La rectitud que implica practicar la justicia para alcanzar la vida, supera ésta
limitada forma del pensamiento humano. La verdadera justicia, Cristo la enseña con
su ejemplo, y Pablo comprendiéndola la explica en su Carta a los romanos:
“independientemente de la ley, se ha manifestado la justicia de Dios de la que
hablaron la ley y los profetas. Se trata de la justicia que Dios, mediante la fe en
Jesucristo, otorga a todos los que creen –pues no hay diferencia; todos pecaron y
están privados de la gloria de Dios-. Éstos son justificados por Él gratuitamente, en
virtud de la redención realizada en Cristo Jesús” (3,21-24).

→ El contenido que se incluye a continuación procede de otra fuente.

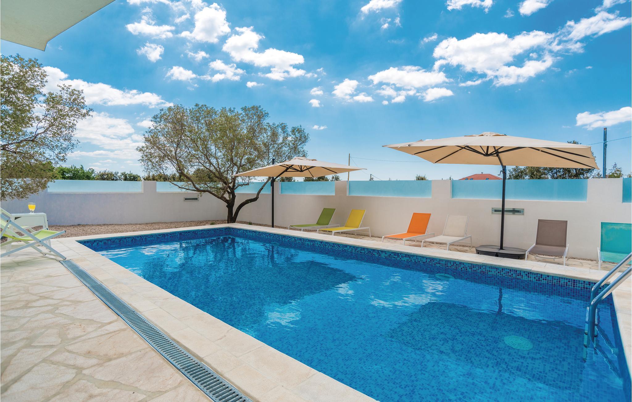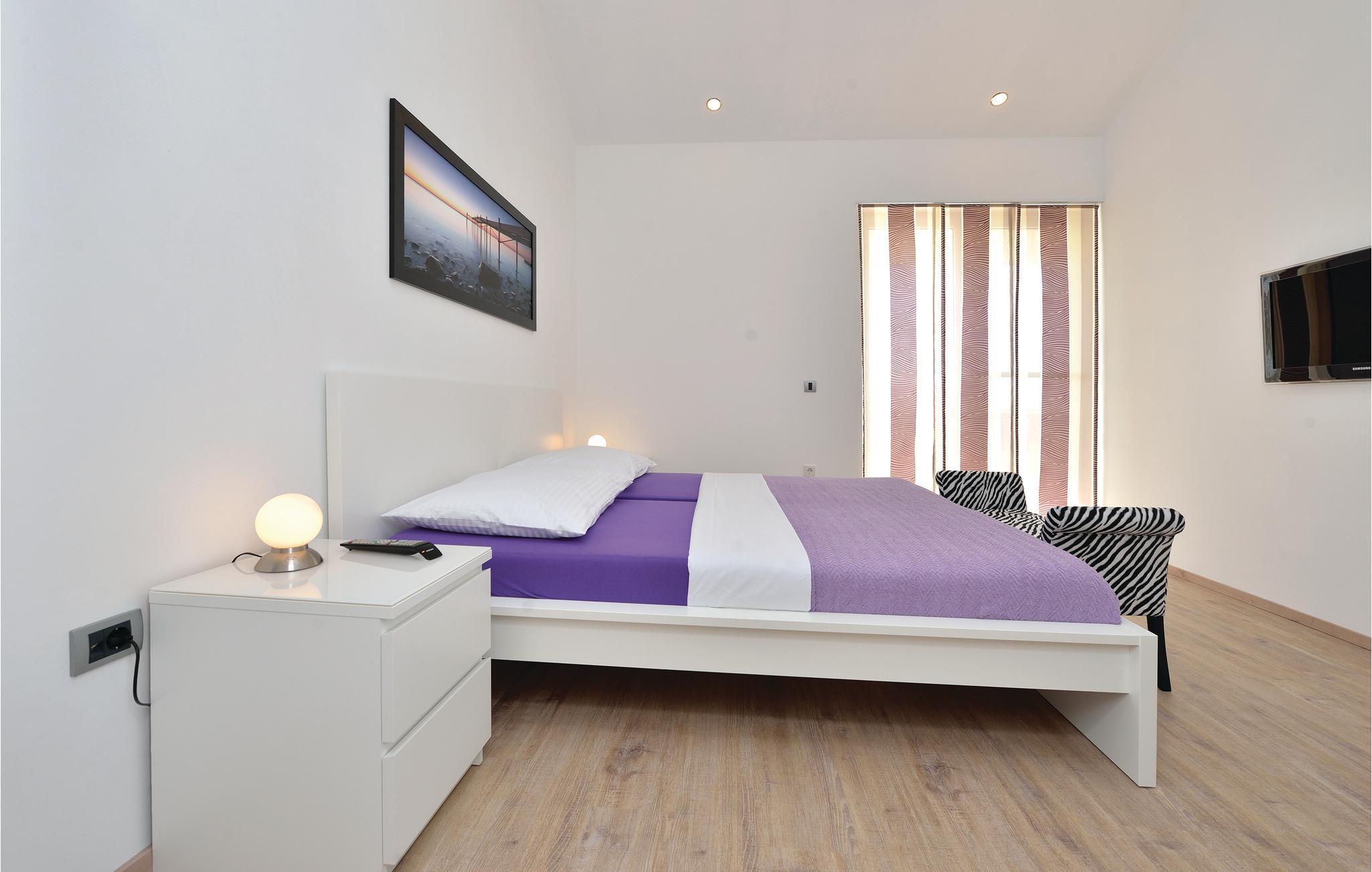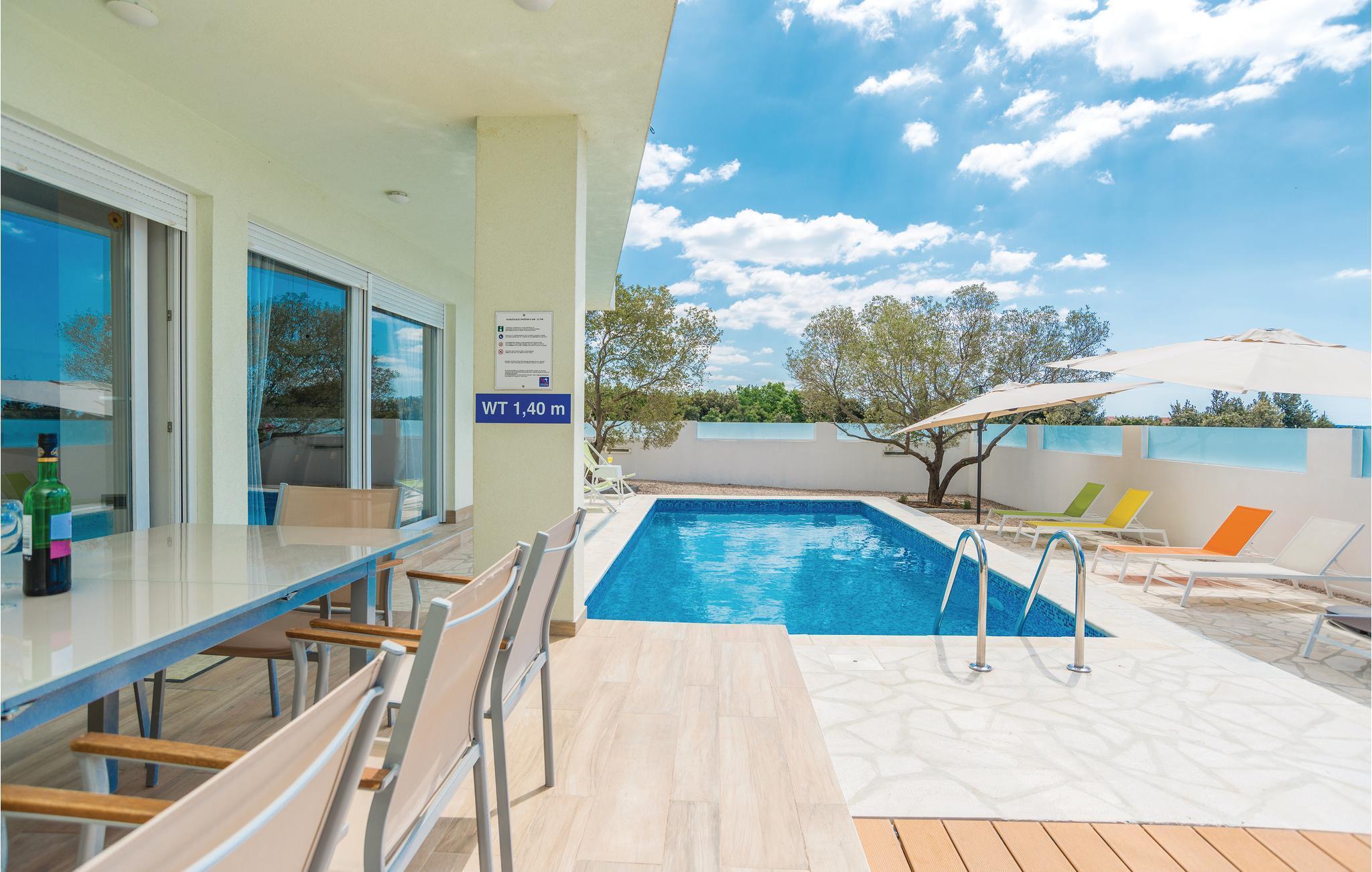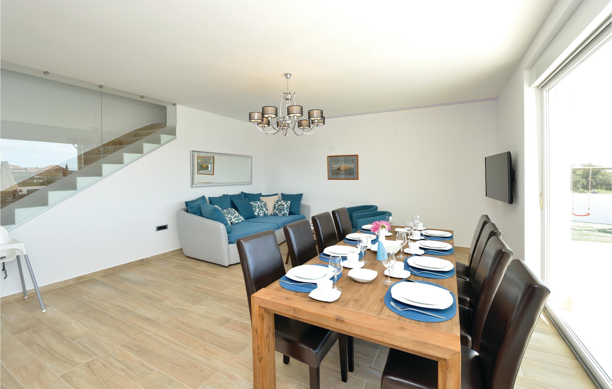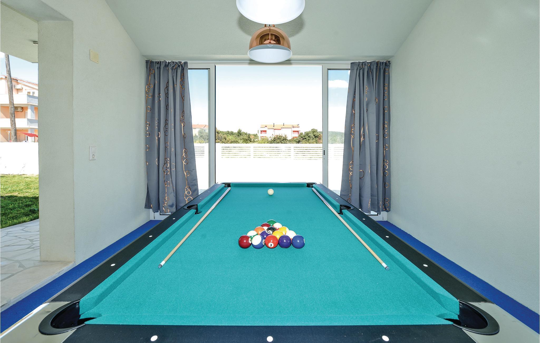 Dette fullt utstyrte og stilfullt møblerte feriehuset ligger på en tomt på 600 m2. Fra balkongen i første etasje har du delvis utsikt over Vrana-sjøen, som du absolutt bør besøke under oppholdet. Innkvarteringen har fire soverom, et fullt utstyrt kjøkken og en spisestue. I rekreasjonsrommet finner du biljard og dart. Fuglekikkere vil glede seg over det nærliggende ornitologiske reservatet, og det er også muligheter for ridning.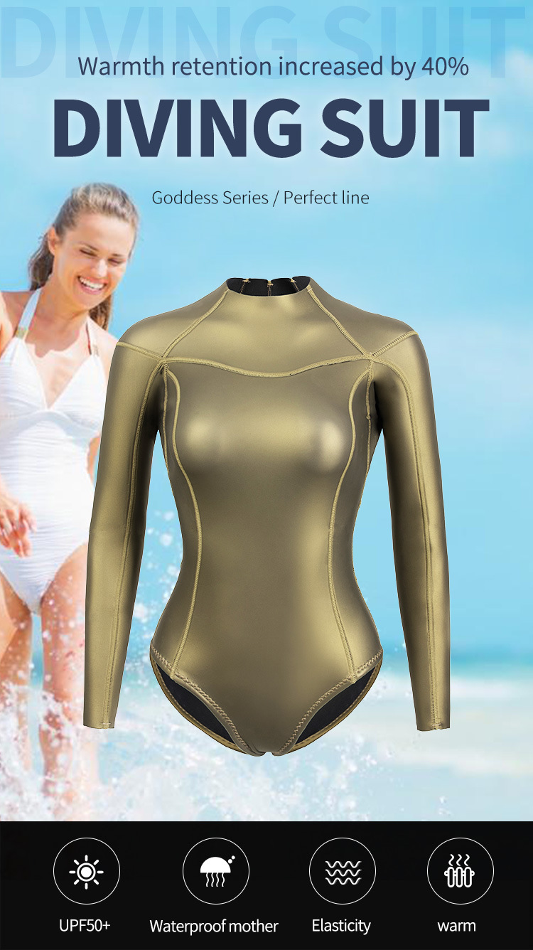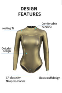 This women’s bikini wetsuit is made of high-quality, durable neoprene rubber, offering excellent elasticity and warmth.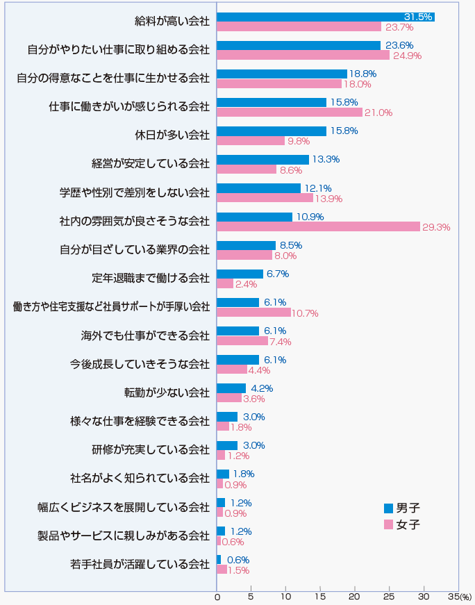| 将来、どのような会社で働きたいかについて、選択肢から重視するものを 2つまで選択してもらいました。 |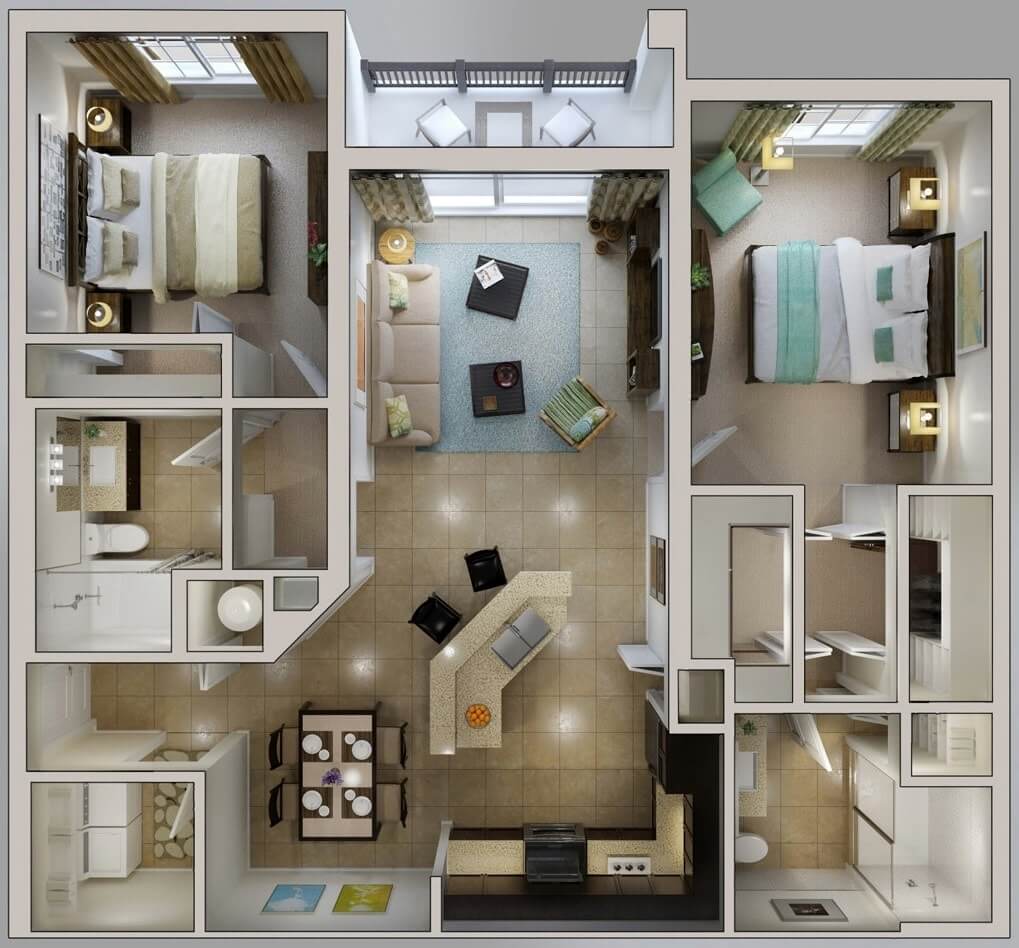 Эта практичная планировка трехкомнатной квартиры площадью 110 квадратных метров имеет две спальни, в каждой из которых есть ванная комната и гардеробная. Кухня не имеет окна, но спроектирована в американском стиле – с островом и столовой на четыре персоны. В гостиной двери на балкон решены в формате дверей-слайдеров со стеклами от пола до потолка.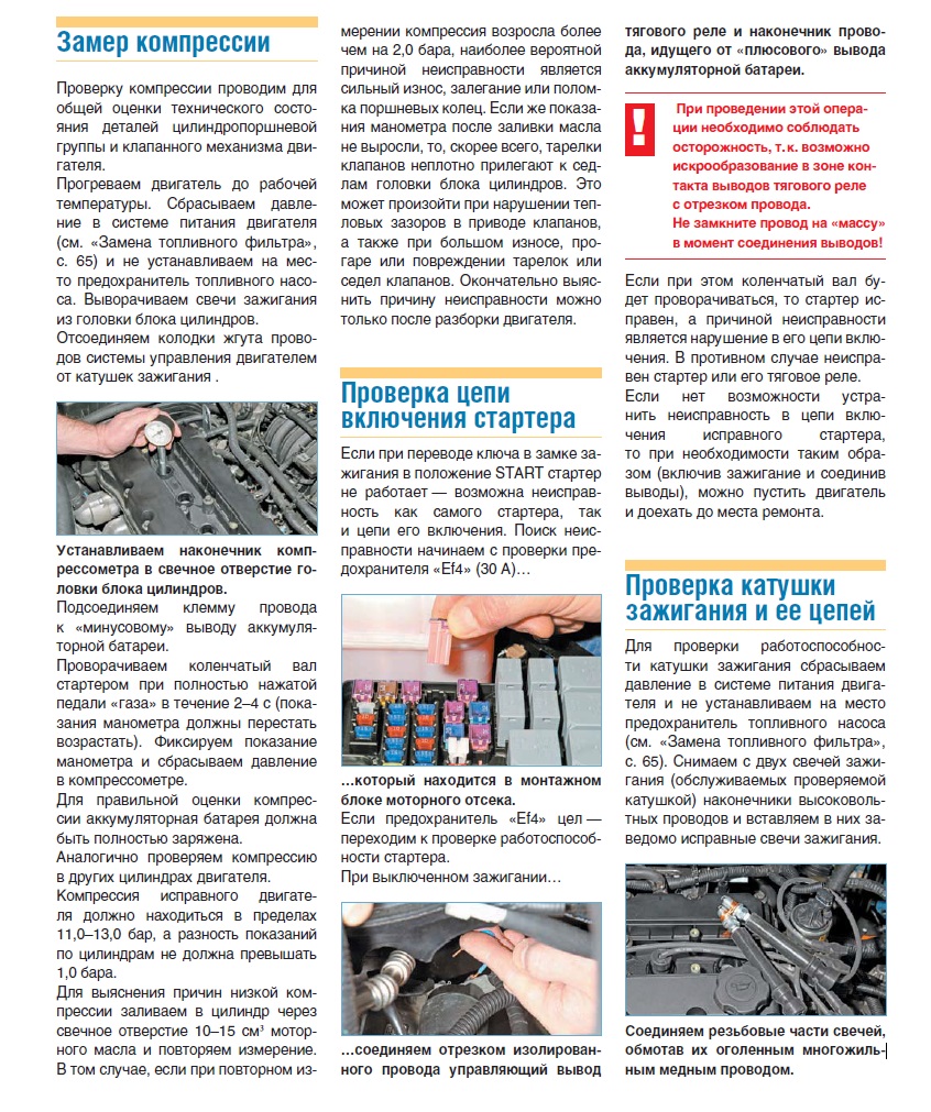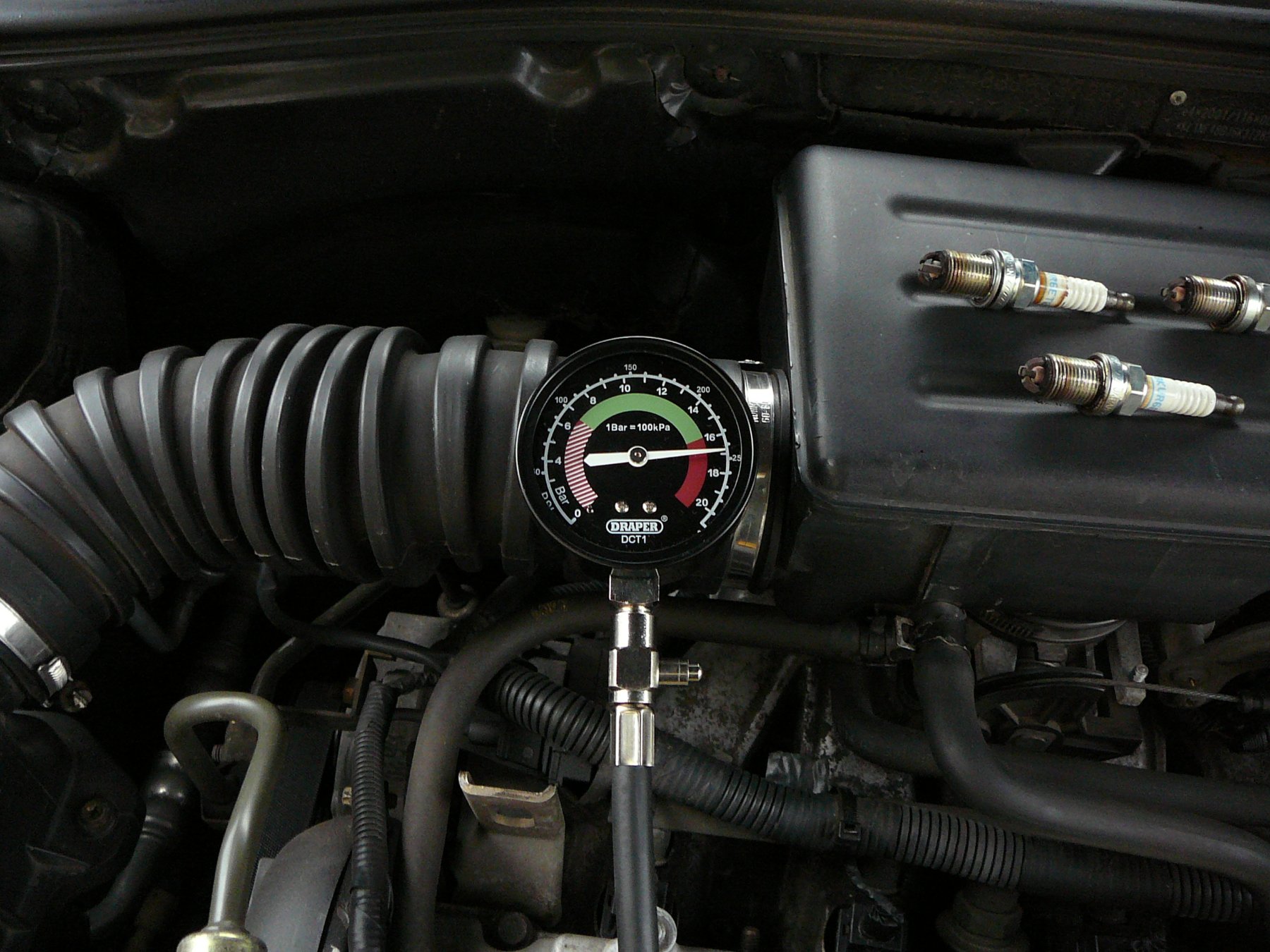 Kompresja działającego silnika musi być pomiędzy 11,0–13,0 barów i różnica odczytów na cylindrach nie powinna przekraczać 1,0 bar.

Pablo dirige también una exhortación a los cristianos de su tiempo, y a los de hoy,
para que vivan religiosamente, “porque se ha manifestado la gracia salvadora de
Dios a todos los hombres, que nos enseña a que renunciemos a la impiedad y a las
pasiones mundanas, y vivamos con sensatez, justicia y piedad en el tiempo
presente” Tt 2,11-12. El autor sapiencial, afirma con certeza que el camino de la
impiedad lleva a la muerte. Lo antagónico a la vida piadosa es transitar los caminos
de este mundo sin la conciencia de hijos de Dios, esta realidad nos arrebata la vida,
puesto que perdemos el horizonte, avanzamos confiados en nuestras solas y
limitadas fuerzas, queriendo moldear la justicia a criterios humanos.